Segment Start: Collected material

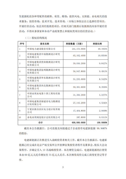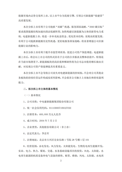 根據(jù)公告,擬拆分的中電建新能源集團股份有限公司注冊資本為60億元,經(jīng)營范圍包括水電發(fā)電、風(fēng)力發(fā)電、太陽能發(fā)電、生物發(fā)電再生能源開發(fā)等。目前,電建新能源正在推進(jìn)引入戰(zhàn)略投資者相關(guān)工作。
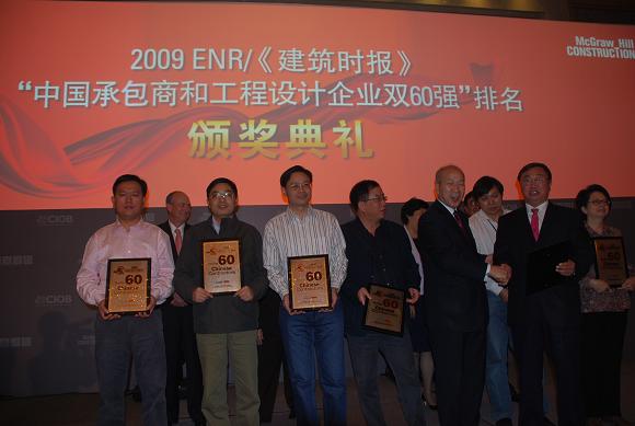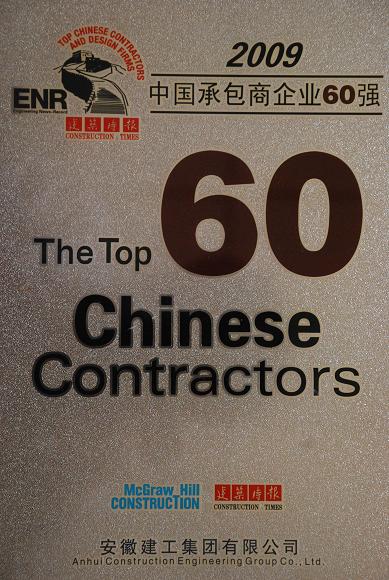 2009年11月5日,第六屆ENR/《建筑時報》中國承包商和工程設計企業(yè)“雙60強”頒獎典禮在重慶隆重召開。會上再傳喜訊:安徽建工集團再度榮登中國承包商60強,排名第32位,比2008年上升6位,這是安徽建工繼榮獲“中國企業(yè)500強”“全球最大國際承包商225強”之后的又一項榮譽。
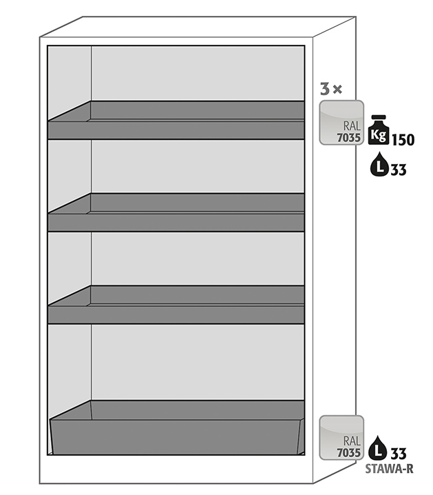 rompkleur antracietgrijs, met draaideuren in Lichtgrijs (RAL 7035), Interieur met 3 x opvanglegbord, 1 x bodemopvangbak (plaatstaal met epoxy coating)
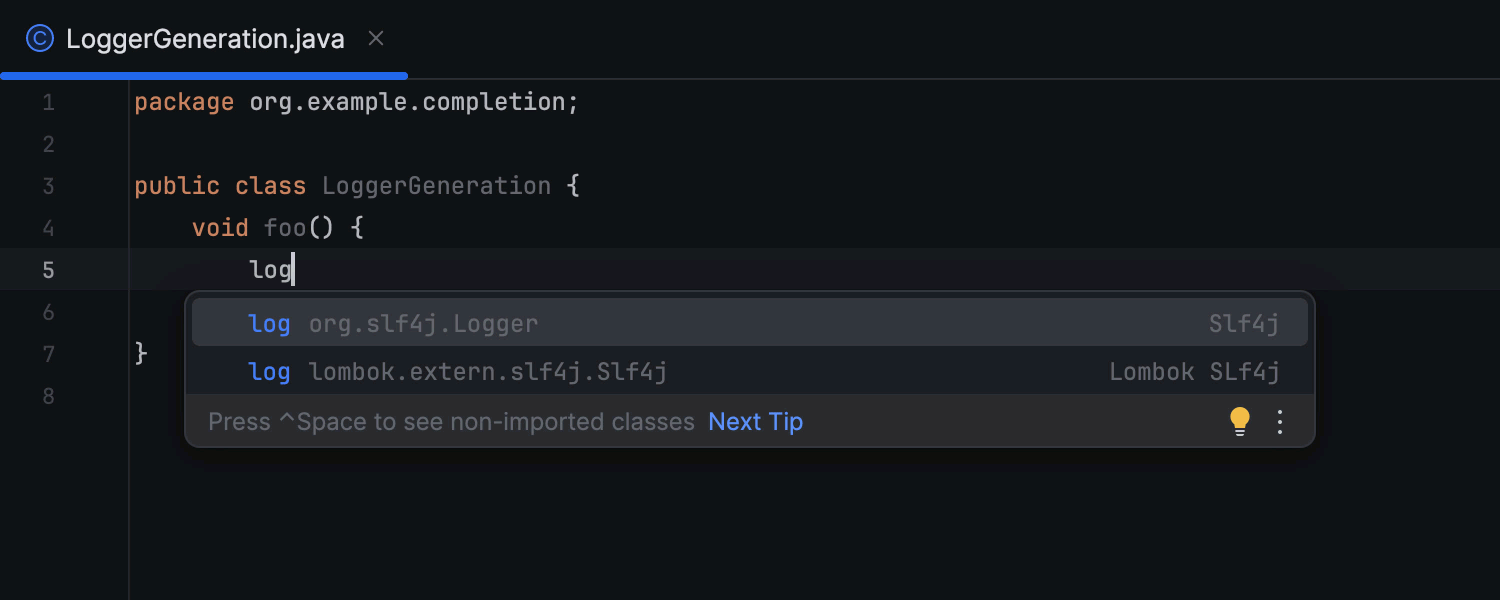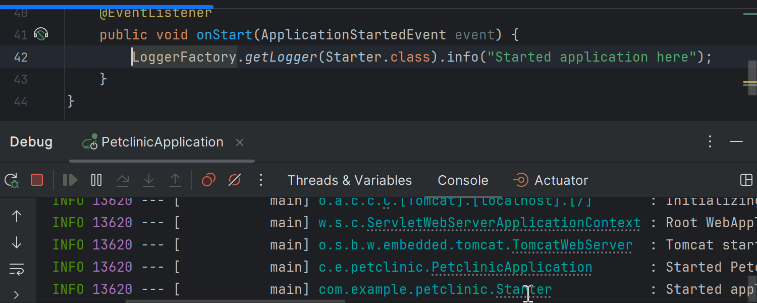 由于日志记录是日常开发的重要环节,我们引入了一系列更新来增强 IntelliJ IDEA 在日志方面的用户体验。 现在,您可以从控制台中的日志消息轻松导航到生成它们的代码。 此外,IDE 会在有需要的位置建议添加记录器,并简化插入记录器语句的操作,即使记录器实例不在作用域内。 在这篇博文中了解详情。

Segment End: Collected material

## What is required:
Give again, word for word, every line from the top of the data through the line with "2009年11月5日,第六屆", both ends included, and exclude the pictures.

## Solution to the problem:
 根據(jù)公告,擬拆分的中電建新能源集團股份有限公司注冊資本為60億元,經(jīng)營范圍包括水電發(fā)電、風(fēng)力發(fā)電、太陽能發(fā)電、生物發(fā)電再生能源開發(fā)等。目前,電建新能源正在推進(jìn)引入戰(zhàn)略投資者相關(guān)工作。
 2009年11月5日,第六屆ENR/《建筑時報》中國承包商和工程設計企業(yè)“雙60強”頒獎典禮在重慶隆重召開。會上再傳喜訊:安徽建工集團再度榮登中國承包商60強,排名第32位,比2008年上升6位,這是安徽建工繼榮獲“中國企業(yè)500強”“全球最大國際承包商225強”之后的又一項榮譽。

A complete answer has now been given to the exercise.